Privacy-Preserving Data Analysis Workflow
March 17, 2026 · View on GitHub
sequenceDiagram
participant DS as Data Scientist
participant INB as DO Inbox
participant OUT as DO Outbox
participant SB as DO Syftbox
participant DO as Data Owner
Note over DS,DO: 1. Peer Request
DS->>INB: add_peer("do@org.com")
DO->>INB: approve_peer_request("ds@org.com")
Note over DO,SB: 2. Dataset Publication
DO->>SB: create_dataset(mock, private)
DO->>OUT: Mock data + metadata
DS->>OUT: sync() — pull mock data
Note over DS: 3. Explore & Develop
DS->>DS: Test analysis on mock data
Note over DS,INB: 4. Job Submission
DS->>INB: submit_python_job(code)
Note over DO: 5. Review & Execute
DO->>INB: sync() — receive job
DO->>DO: Approve (or reject) & run job
Note over DO,OUT: 6. Publish Results
DO->>OUT: Write results to outbox
Note over DS,OUT: 7. Retrieve Results
DS->>OUT: sync() — pull results
DS->>DS: Read results
Workflow Steps
- Peer Request: The Data Scientist requests access to the Data Owner's datasite. The Data Owner reviews and approves the request.

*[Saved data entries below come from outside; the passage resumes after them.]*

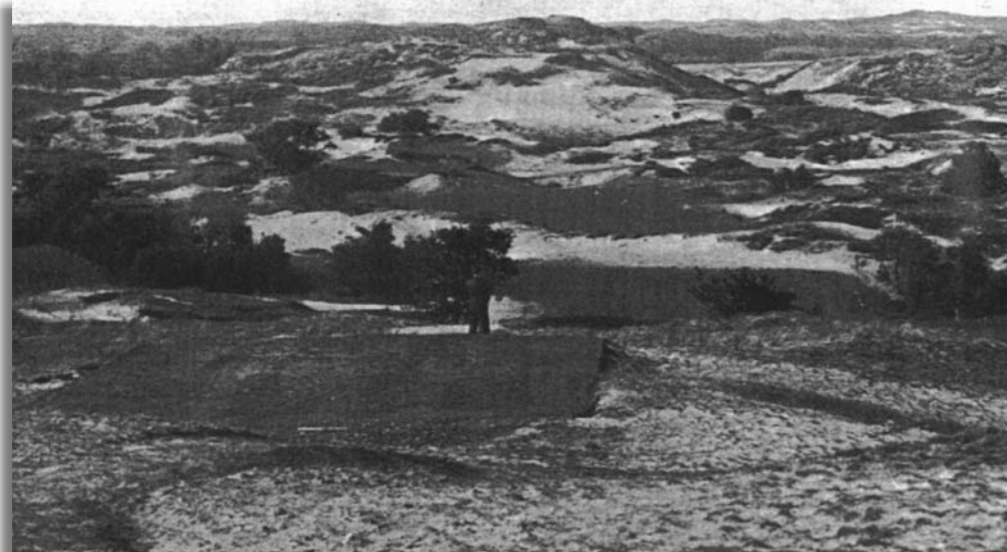
De korte 4e hole van 230 meter der Wassenaarsche baan, waarover wij hiernevens een en ander vertellen.

BELOW Royal Hague: A 1938 picture taken during the 'grow-in' phase of the course, showing the sandy wilderness surrounding the 230-metre par-3 fourth hole. Note the penal waste area in front of the green, forcing the weaker players to play a safe lay-up shot. (First published in Golf magazine.)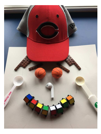
Aaron - Grade 5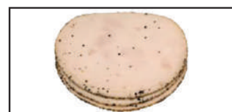
SLICED PEPPERED TURKEY $4.99 LB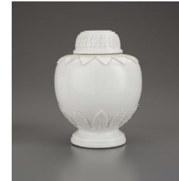
Title: Tea Caddy Date: ca. 1715 Primary Maker: Meissen Porcelain Manufactory Medium: Hard-paste porcelain Dimensions: H.: 6 1/16 in. (15.4 cm)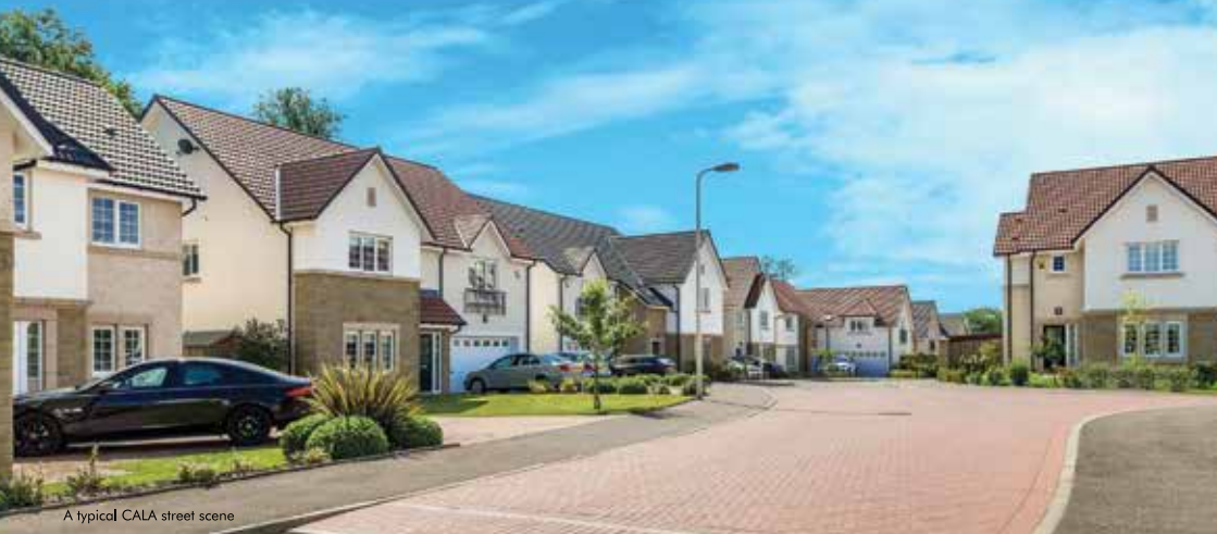
A typical CALA street scene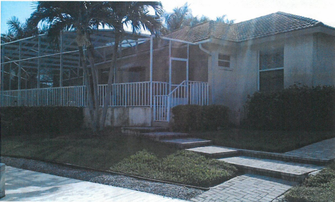
REAR VIEW – 12/06/2013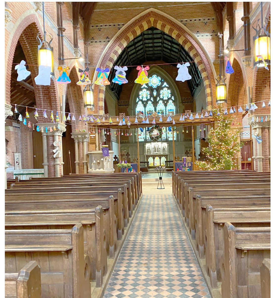
DECORATING FOR CHRISTMAS BY LOCAL PRIMARY SCHOOL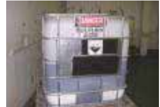
Spent sulfuric acid

Also, by sending cardboard to a recycler, we were able to divert 700 tons of waste from landfill.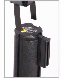
Adapters to Fit All Major Brands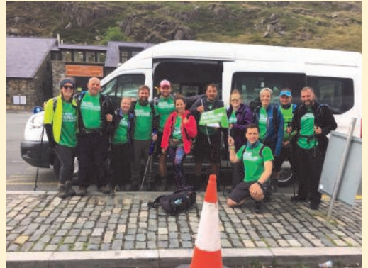
If you would like to donate visit: justgiving.com and search for 'thethreepeakschallenge2018'

"We are currently at £3,822 which will fund 136 hours of Macmillan home nurse care or keep a support centre open for 17 days".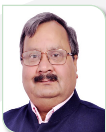
Programme Batch Director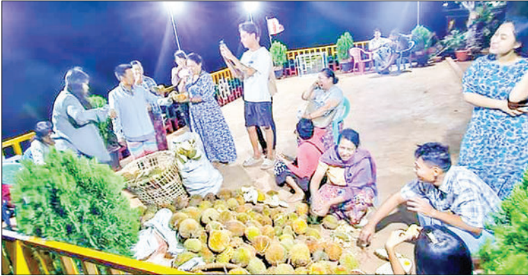
Arrival of durians in advance to Taung Pula, and they are to be offered at a free public feast.

DURIAN Satuditha food offering and plant growing festival will be held at Taung Pula mountain pagoda in Watwun village-tract, PyinOoLwin township, near Peik Chin Myaung, which attracts about 1000 pilgrims every day, Ashin Pyinnya Bawga (Taung Pula) told The Global New Light of Myanmar (GNLM).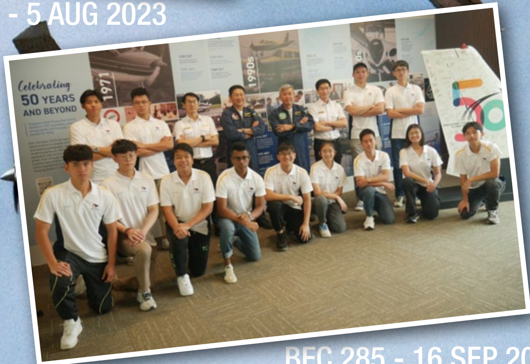
BFC 285 - 16 SEP 2023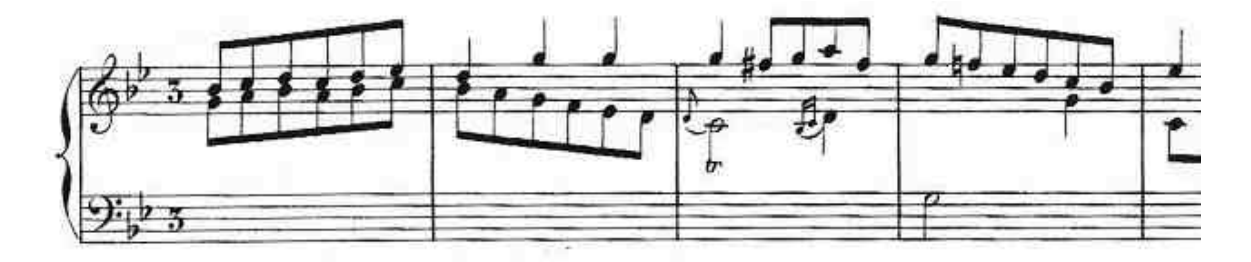
Figure 3 : The score of the first 7 seconds of "L'indifférente"

The first 7 seconds of "L'indifférente" and their analysis are presented in figure 2. The initial beat level which has been chosen corresponds to the eight note of the score.

- Dataset Publication: The Data Owner publishes a dataset with both mock (public) and private components. Mock data is placed in the outbox for Data Scientists to pull.
- Explore & Develop: The Data Scientist downloads the mock data to explore the structure and test their analysis code locally.

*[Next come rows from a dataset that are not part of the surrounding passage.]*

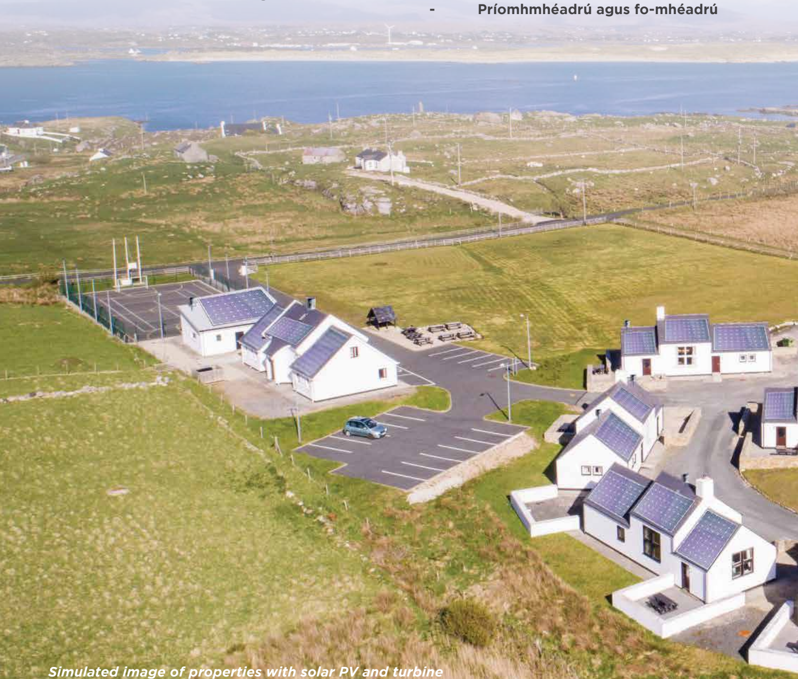
Simulated image of properties with solar PV and turbine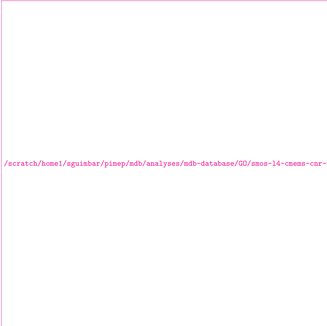
Figure 6: Time series of the monthly median SSS (top), median of \Delta SSS (Satellite - Saildrone) and Std of \Delta SSS (Satellite - Saildrone) over the Global Ocean Pi-MEP region considering all match-ups collected by the Pi-MEP.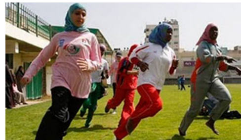
Soccer in Gaza

Since 1996, the Palestinian Territories have officially competed in the Summer Olympics. Although competitions between Palestinian and Israeli teams have been strained since Palestinian terrorists massacred Israeli athletes during the 1972 Olympic Games in Munich, today Israel trains Palestinian

- Job Submission: The Data Scientist submits analysis code via the Data Owner's inbox.
- Review & Execute: The Data Owner syncs to receive the job, reviews the code, and approves (or rejects) and runs it on private data.
- Publish Results: The Data Owner writes job outputs to the outbox for the Data Scientist to pull.
- Retrieve Results: The Data Scientist syncs to pull the results.